H/D isotope effects on the low-temperature NMR parameters and hydrogen bond geometries of (FH)2F- and (FH)3F- dissolved in CDF3/CDF2Cl

Using liquid state H-1, H-2 and F-19 NMR spectroscopy in the temperature range 110-130 K we have studied the hydrogen-bonded anions (FH)(2)F- and (FH)(3)F- and their partially and fully deuterated analogs dissolved in the low-freezing freon mixture CDF3/CDF2Cl, in the presence of (C4H9)(4)N+ as the counter cation. The spin multiplets of the three isotopologs HH, HD, DD of (FH)(2)F-, and of the four isotopologs HHH, HHD, HDD, DDD of (FH)(3)F- have been resolved and assigned. Thus, we were able to determine the zero-, one- and two-bond H/D isotope effects on the hydrogen and fluorine NMR chemical shifts as well as isotope effects on the scalar spin-spin hydrogen fluorine and fluorine-fluorine coupling constants. Using the valence bond order model these NMR data are related to H/D isotope effects on the hydrogen bond geometries.
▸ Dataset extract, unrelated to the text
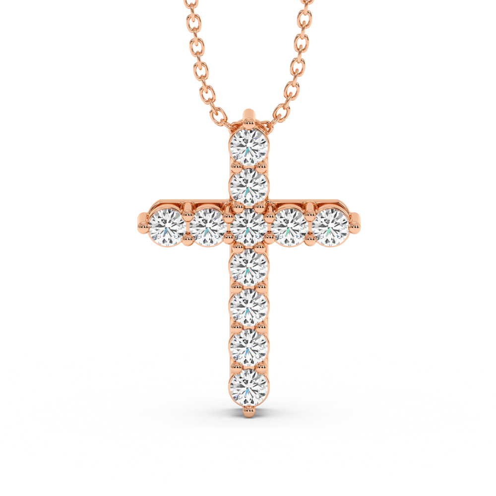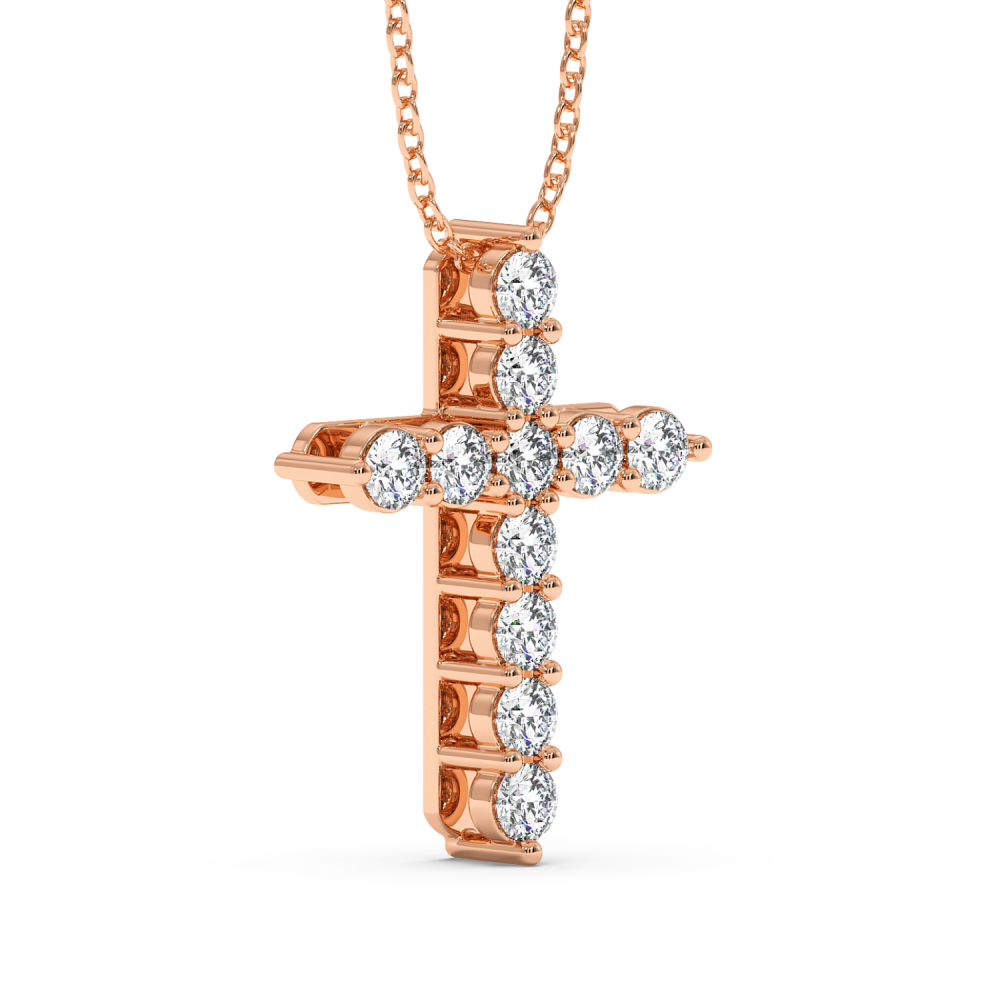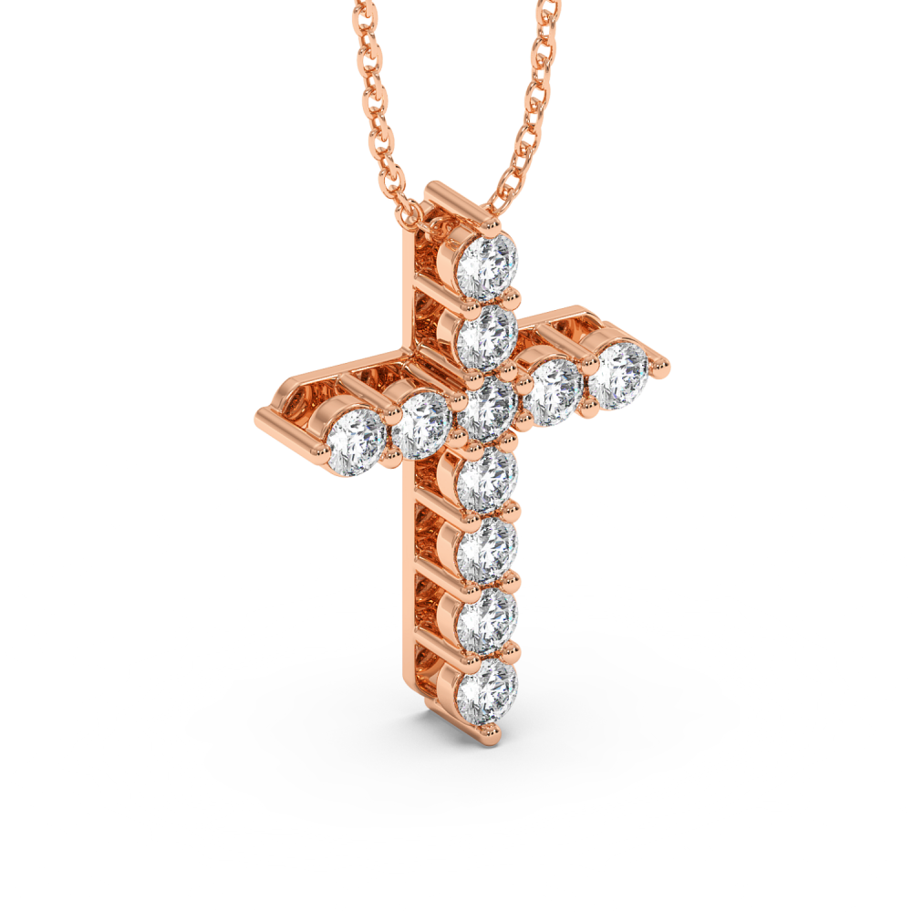 Pandantiv cruciulita din aur de 14 K, cu diamante  de 0.77 ct. Greutatea cruciulitei este de aproximativ 3.50 grame, dimensiunea este de 21mm.

A semi-quantitative interpretation of the observed long range isotope effects is proposed in terms of an anti-cooperative coupling between the hydrogen bonds within each anion. The experimental data can be rationalized in terms of an empirical NMR isotope sum rule, which is analogous to a similar rule for the vibrational frequencies.